STOR 355-STATISTICAL METHODS I (3)
Prerequisite: STOR 155 or equivalent. Some familiarity with matrix algebra recommended, but not required. This course presents regression analysis and related techniques, and is recommended for students throughout the natural and social sciences who are interested in applying regression analysis in their research and/or understanding the statistical concepts underlying the methodology. The topics include simple and multiple linear regression, matrix representation of the regression model, statistical inferences for regression model, diagnostics and remedies for multicollinearity, outlier and influential cases, polynomial regression and interaction regression models, model selection, weighted least square procedure for unequal error variances, and ANOVA model and test. Statistical software SAS will be used throughout the course to demonstrate how to apply the techniques on real data. The main purposes of this courses is to let students know how to use regression methods properly in data analysis and lay the foundation for more advanced studies in statistics. Fall. Zhu.

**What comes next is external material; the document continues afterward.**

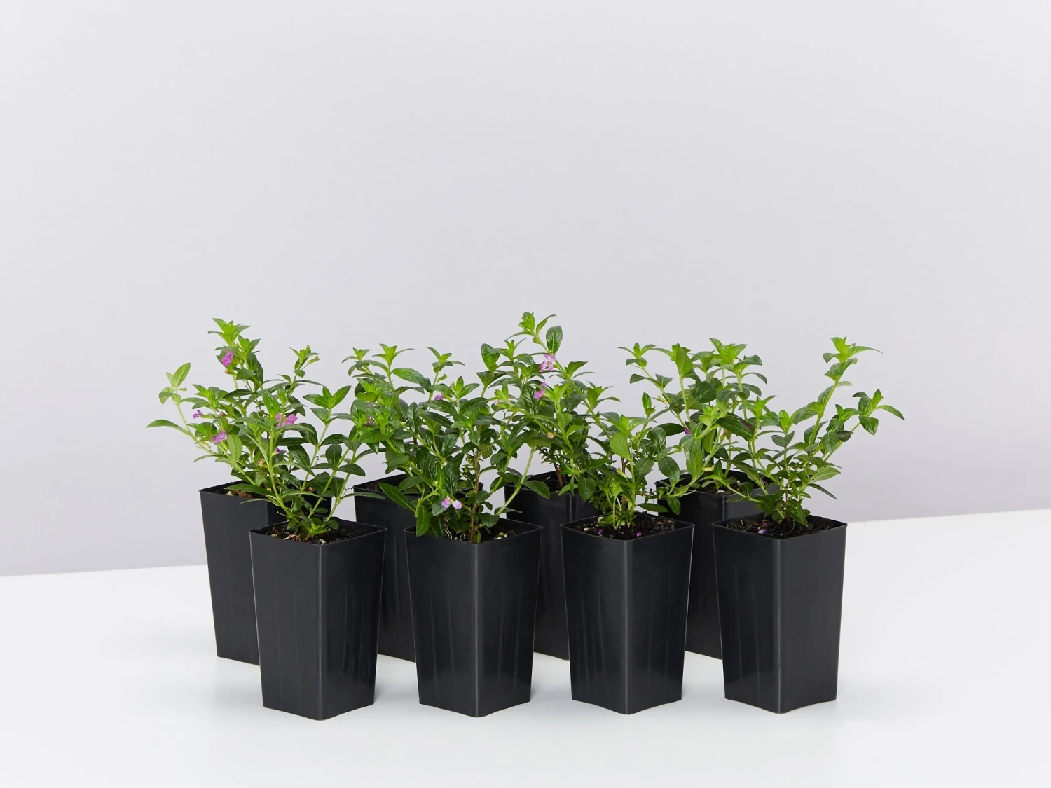 The Cuphea mexicana compacta Purple also goes by the name Mexican Heather. It is a fast growing , no fuss shrub perfect as a low hedge. It has small, glossy green leaves and purple flowers that appear throughout the year.Â

STOR 356- STATISTICAL METHODS II (3)
Prerequisite: STOR 355. Topics selected from: design of experiments; sample surveys; nonparametrics; time-series; multivariate analysis; contingency tables; logistic regression; simulation. Use of statistical software packages. Spring. Piparis, Smith.
STOR 358- SAMPLE SURVEY METHODOLOGY (BIOS 664) (3)
Prerequisite: STOR 356 or equivalent. Principles and methods associated with survey sampling, including simple random sampling, stratified sampling and cluster sampling. Questionnaire design, problems of nonresponse, sources of nonsampling errors.Design, execution, and analysis of an actual survey. Spring. Kalsbeek. (3)
STOR 435- INTRODUCTION TO PROBABILITY (MATH 535) (3)
Prerequisite: MATH 233. Introduction to mathematical theory of probability covering random variables, moments, binomial, Poisson, normal and related distributions, generating functions, sums and sequences of random variables, and statistical applications. Fall and Spring. Budhiraja, Nobel.
STOR 555- MATHEMATICAL STATISTICS (3)
Prerequisite, STOR 435 or equivalent. Functions of random samples and their probability distributions; introductory theory of point and interval estimation and of hypothesis testing; elementary decision theory. Fall and Spring. Carlstein, Kelly.